Late Friday night representatives from his family said that the 41st President of the United States — George Herbert Walker Bush — had died, just months after his beloved wife Barbara. Mr. Bush was 94 years old. Unlike the late Sen. John McCain, former President Bush arranged for the current occupant of the White House to attend his funeral. McCain had made specific plans not to include the 45th president.

Christ addressed some concerns of humanoid earthlings at the press conference as well.
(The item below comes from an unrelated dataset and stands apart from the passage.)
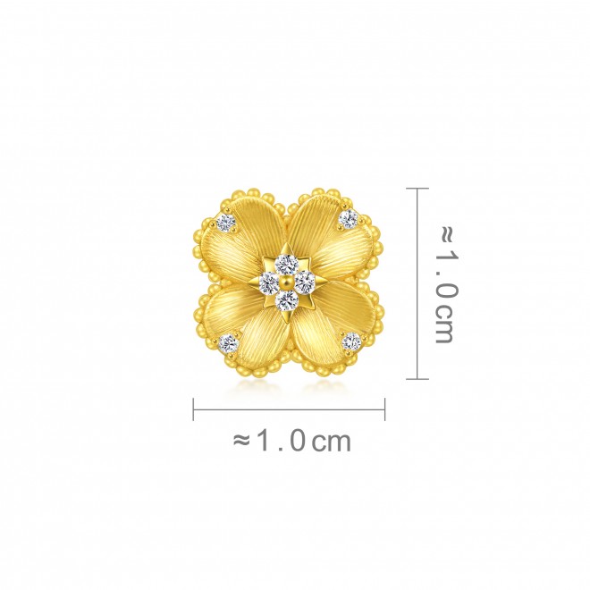 足金鑽石串珠靈感源於幸運標誌「四葉草」,採用卓越硬黃金電鑄工藝及精緻勾絲工藝,傾注時間以人手打造黃金細緻質感。花蕊及花瓣綴有美鑽映襯,閃爍耀眼,結合圓珠鑲邊細節,質感高貴動人,寄願四葉草的幸福花語,為生活帶來種種美好祝福。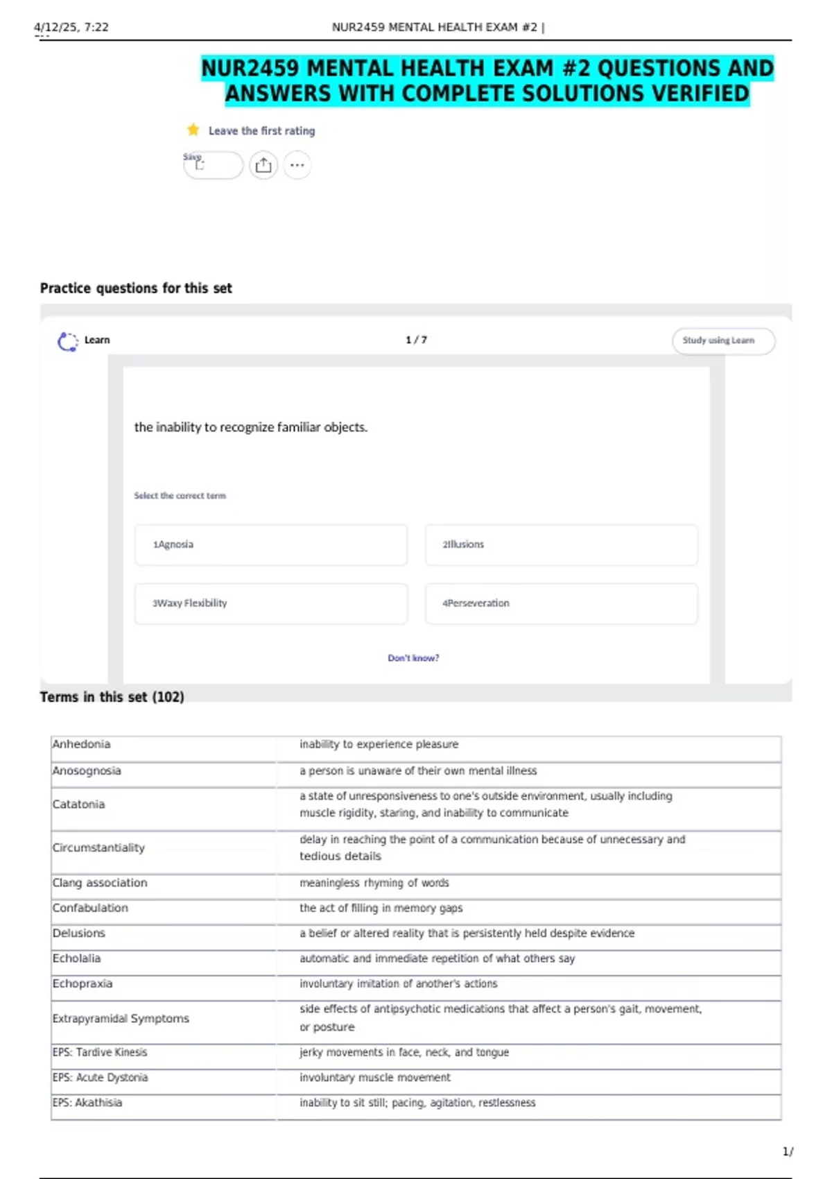 , 4/12/25, 7:22 NUR2459 MENTAL HEALTH EXAM #2 |

Specifically, Christ spoke to what he called a “sense of real urgency” he feels from a lot of people on the planet, desperate to get the man who is currently in office out, even if it means he has to die while president.

“Hey, I get it, cheeseburgers, KFC, and Diet Coke work very slowly, so I can totally understand their impatience at the situation,” Christ chimed in. “But, don’t forget that you’d be stuck with Mike Pence so be careful which poison you pick, if you catch my meaning. Patience is still a virtue, Fam.”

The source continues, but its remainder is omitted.